CLI and acute limb ischemia are the strongest indications for revascularization. Revascularization is a treatment option for patients with lifestyle-limiting claudication who do not respond to other guideline-directed therapies. Revascularization is not beneficial in patients with incidentally discovered PAD.3
Surgical interventions, including bypass grafting, endarterectomy, and angioplasty with or without stenting, have similar outcomes based on limited evidence. Endovascular revascularization (angioplasty) is associated with fewer complications than bypass grafting; therefore, it may be more appropriate for patients with significant comorbidity and associated increased surgical risk.32
Renal Artery Disease
Atherosclerotic renal artery stenosis (RAS) commonly coexists with atherosclerotic conditions such as coronary artery disease and PAD. Up to 5% of patients with isolated hypertension have RAS, increasing to 40% in patients with clinically evident atherosclerotic diseases. By disrupting intrarenal hemodynamics, RAS can accelerate the progression of hypertension and chronic kidney disease.33
RAS is difficult to accurately diagnose by noninvasive methods. Vascular duplex ultrasonography is an accurate screening tool but does not often correlate well with computed tomography and magnetic resonance angiography, which may overestimate RAS. Angiography, the diagnostic standard, is also subject to interobserver variability and does not always correlate with ultrasonography, computed tomography, or magnetic resonance angiography.33
Renal artery stenting does not improve outcomes compared with optimal medical therapy 34 (Table 13 ).
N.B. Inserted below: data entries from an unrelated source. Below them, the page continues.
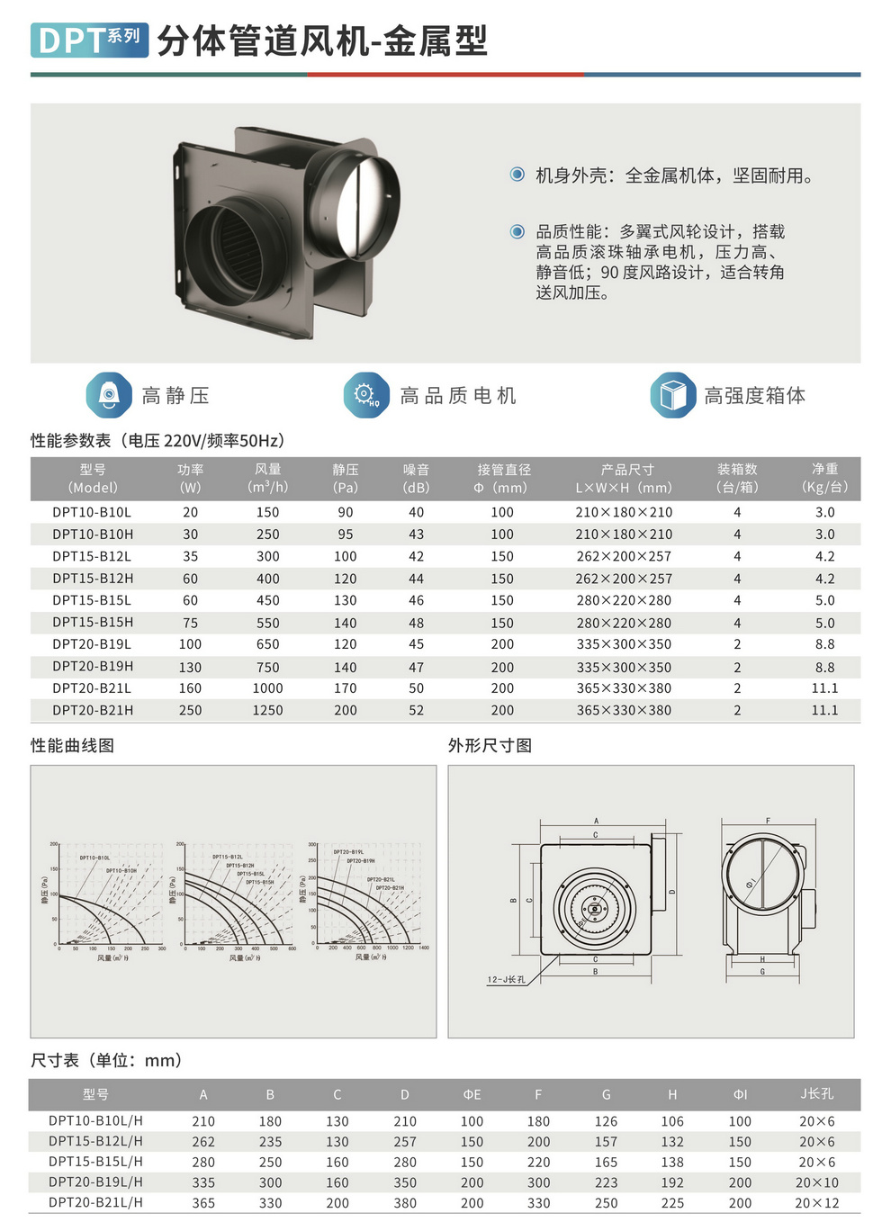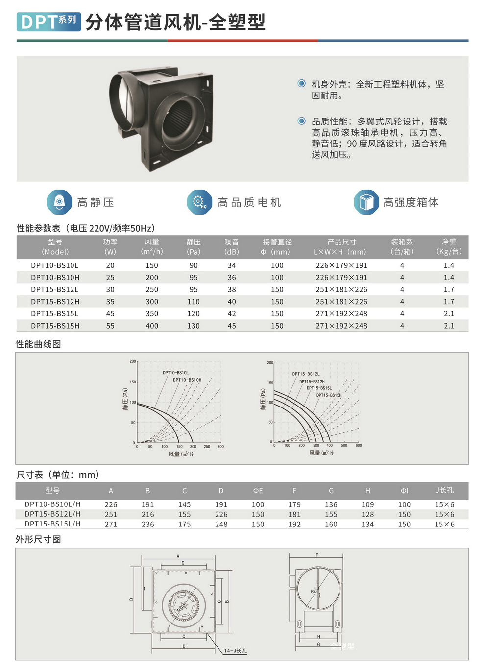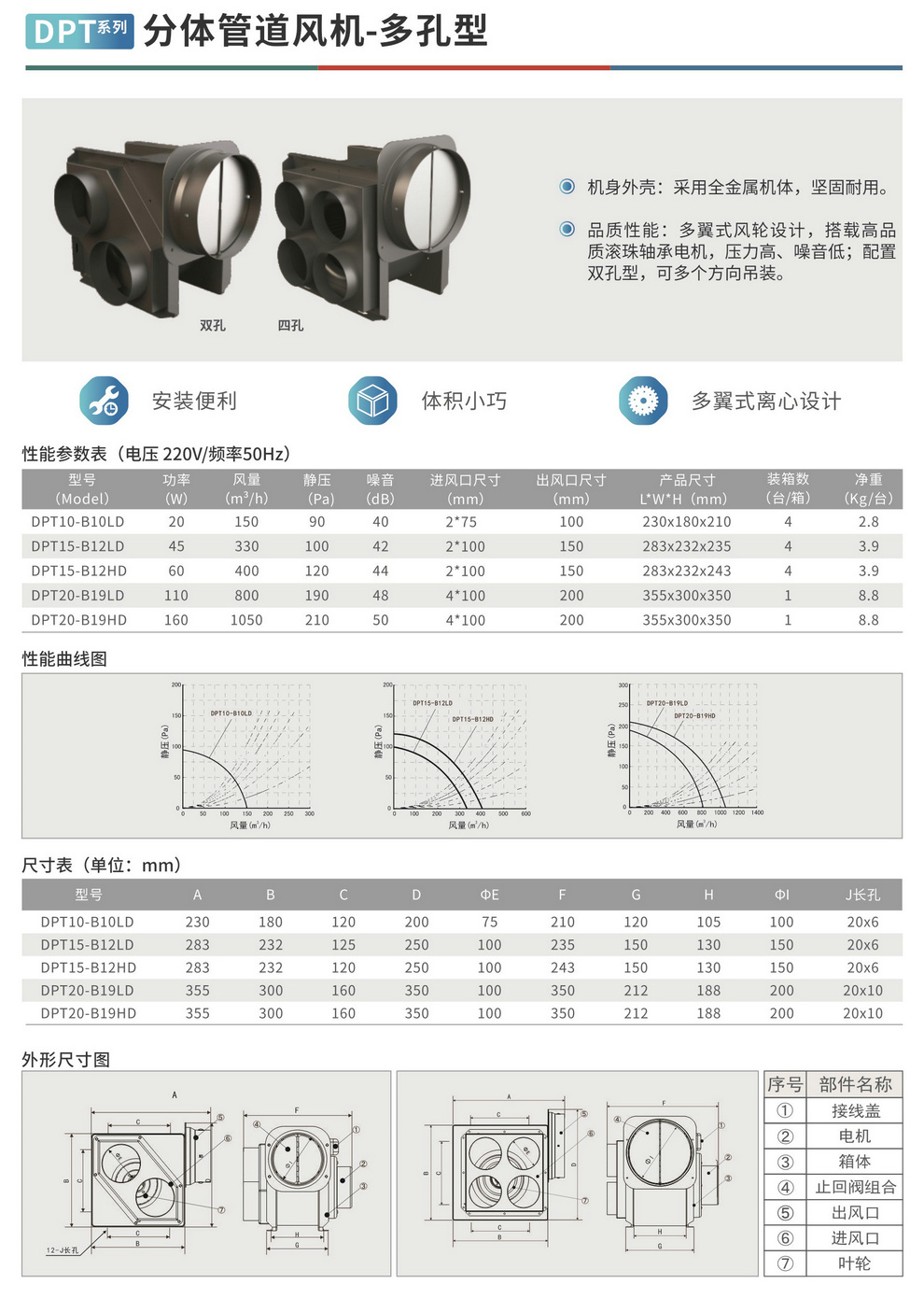 品质性能:多翼式风轮设计,搭载高品质滚珠轴承电机,压力高、静音低;90 度风路设计,适合转角送风加压。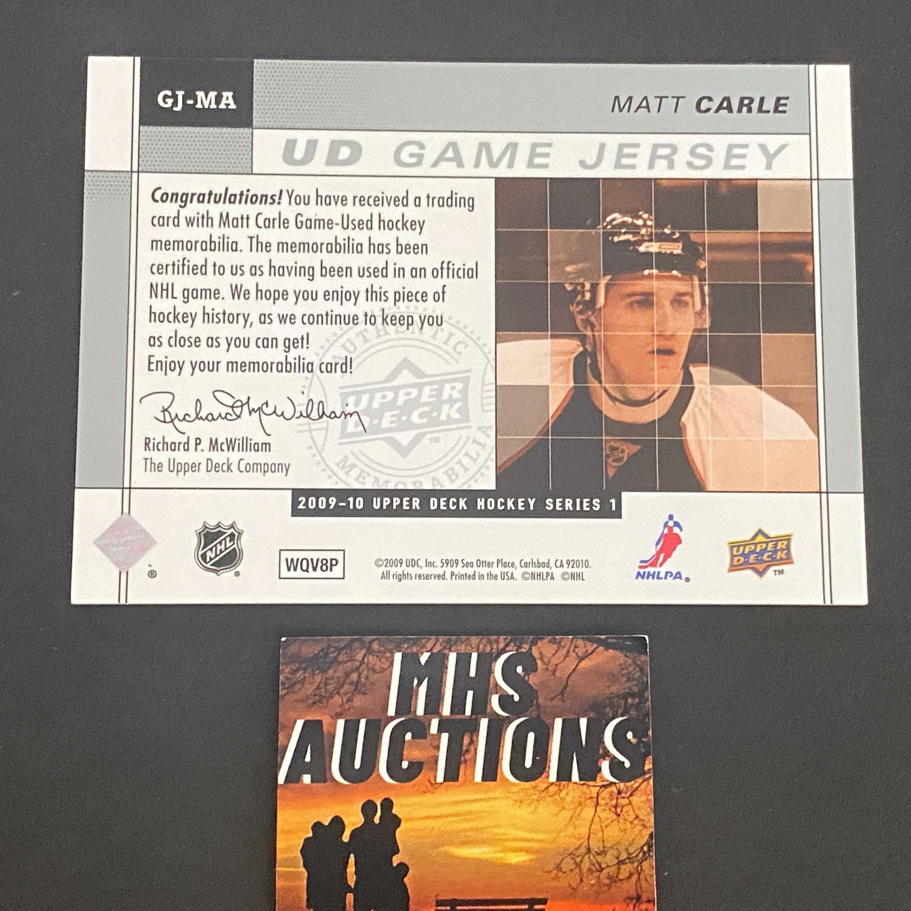 MATT CARLE JERSEY CARD 2009/10 U.D HOCKEY SERIES 1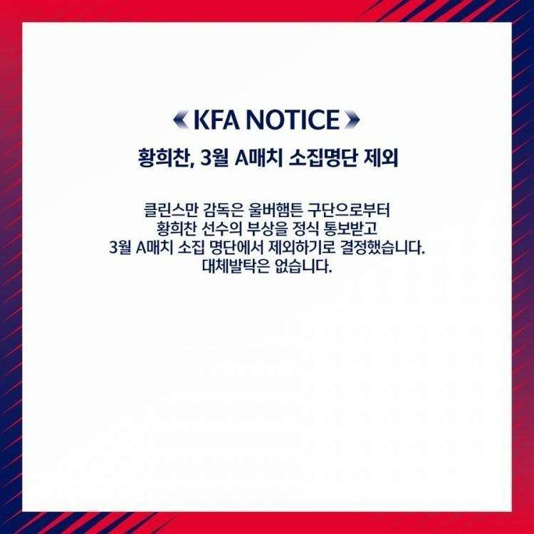 韩足协官方:黄喜灿因伤退出韩国队大名单 未有球员递补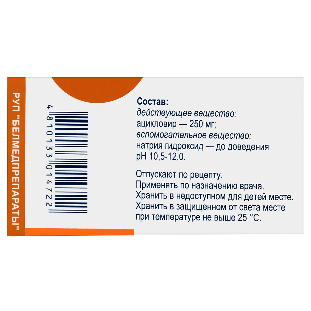 Активное вещество: ацикловир 0,25 г, 0,5 г, 1,0 г вспомогательное вещество: натрия гидроксид.

Despite the lack of prospective evidence, some vascular surgeons recommend considering renal artery revascularization in patients with significant clinical effects from stenosis. Patients with unilateral stenosis, normal renal function, and abrupt onset or worsening of severe hypertension despite more than three antihypertensive medications are typically considered for intervention. Other possible indications for renal artery stenting include patients with bilateral stenosis and rapidly declining renal function and younger patients with fibromuscular dysplasia affecting the renal artery.